▶ GIVEN INFORMATION:
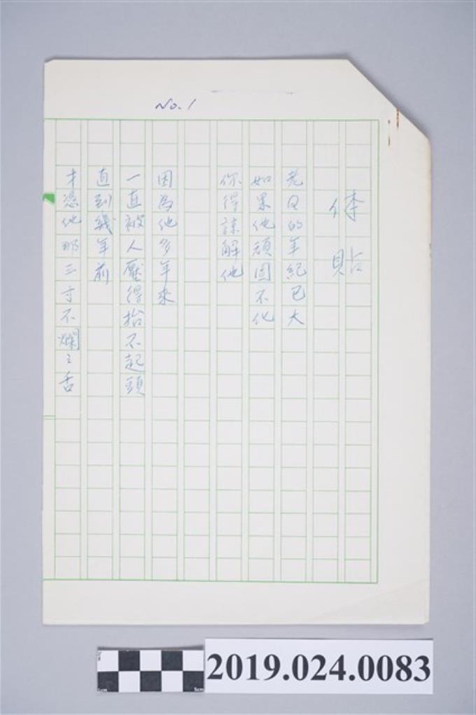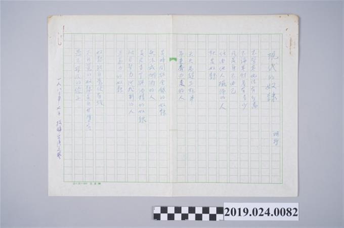 柯旗化詩作〈現代的奴隸〉複寫稿
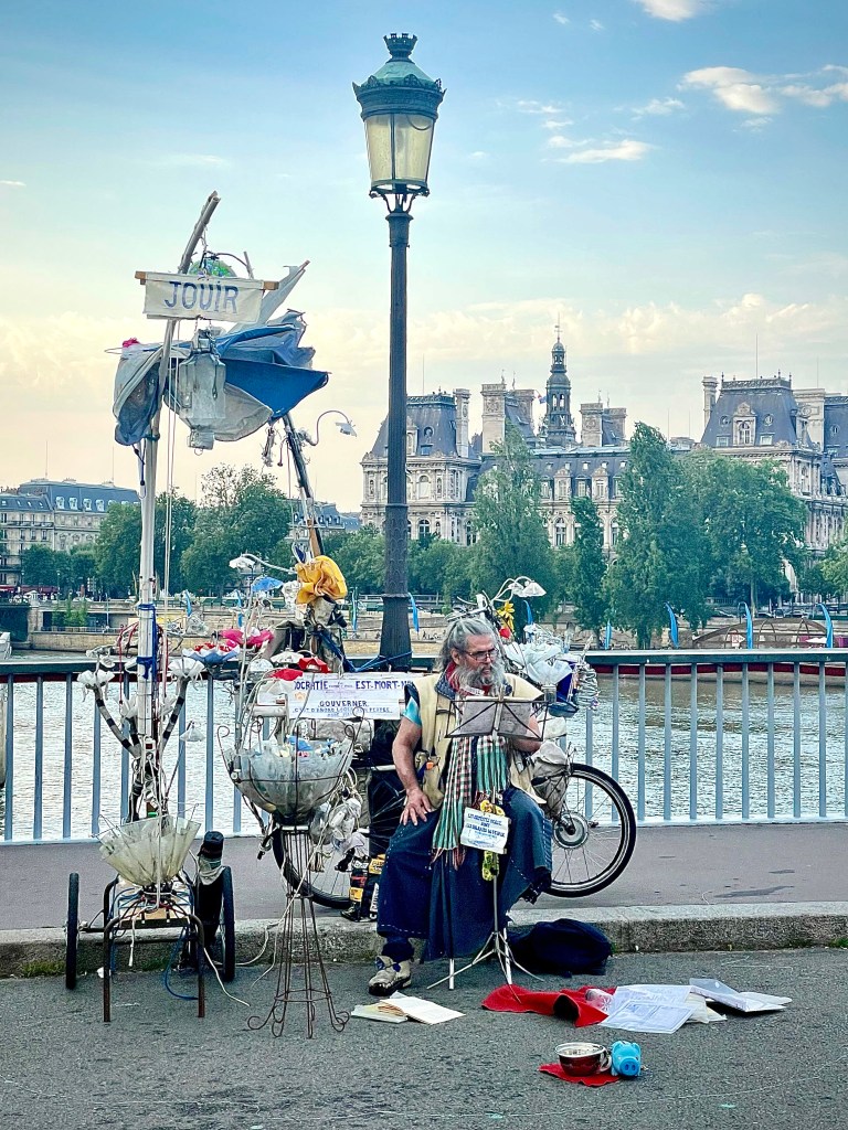 Relieved, I was ready for dinner. This evening’s street performer of choice on the bridge between Îles had quite the complex set-up, complete with water fountains. He sat on his throne reading aloud to those passing by.
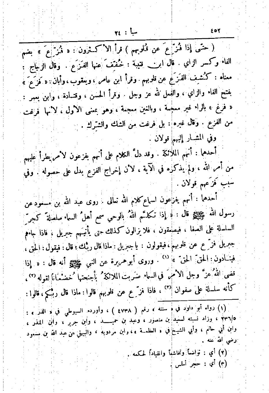 حتى إذا فزع عن قلوبهم قرأ الأكثرون فزع بضم الفاء وكسر الزاي قال ابن قتيبة خفف عنها الفزع وقال الزجاج معناه كشف الفزع عن قلوبهم وقرأ ابن عامر ويعقوب وأبان فزع بفتح الفاء والزاي والفعل لله عز و جل وقرأ الحسن وقتادة وابن يعمر فرغ بالراء غير معجمة وبالغين معجمة وهو بمعنى الأول لأنها فرغت من الفزع وقال غيره بل فرغت من الشك والشرك
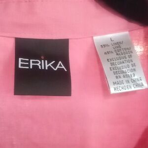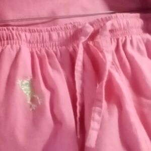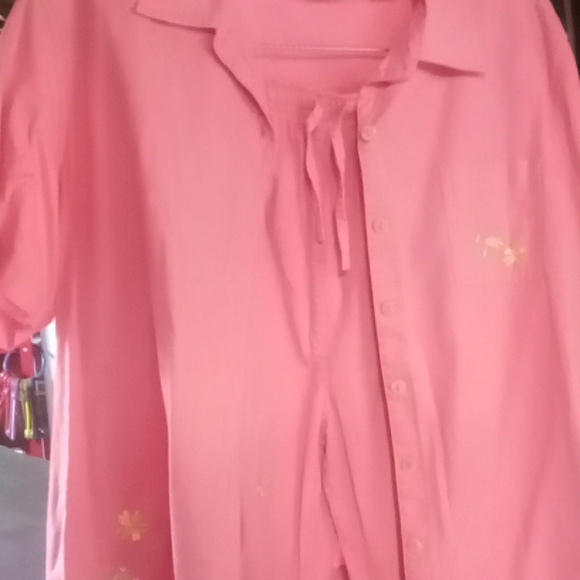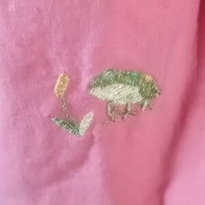 Ericka size lg Capri with short sleeve top has embroidery frogs flowers light pink in color
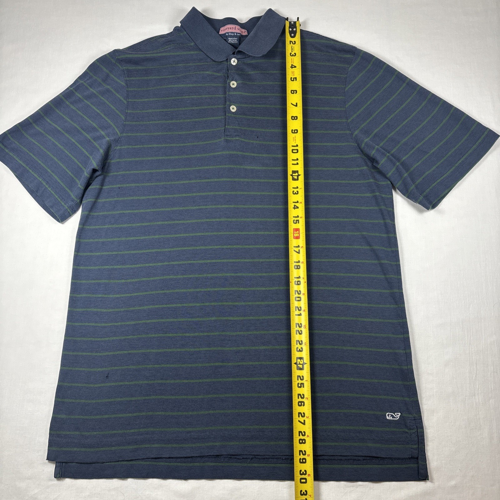 как выглядит Mens Vineyard Vines Short Sleeve Blue/Green Striped Polo Shirt Size M See Pic фото

▶ TASK OBJECTIVE: Pictures stay out; output the lines from the top of the listing above through the line containing "Relieved, I was", exactly as they stand.

▶ EXPECTED ANSWER:
 柯旗化詩作〈現代的奴隸〉複寫稿
 Relieved, I was ready for dinner. This evening’s street performer of choice on the bridge between Îles had quite the complex set-up, complete with water fountains. He sat on his throne reading aloud to those passing by.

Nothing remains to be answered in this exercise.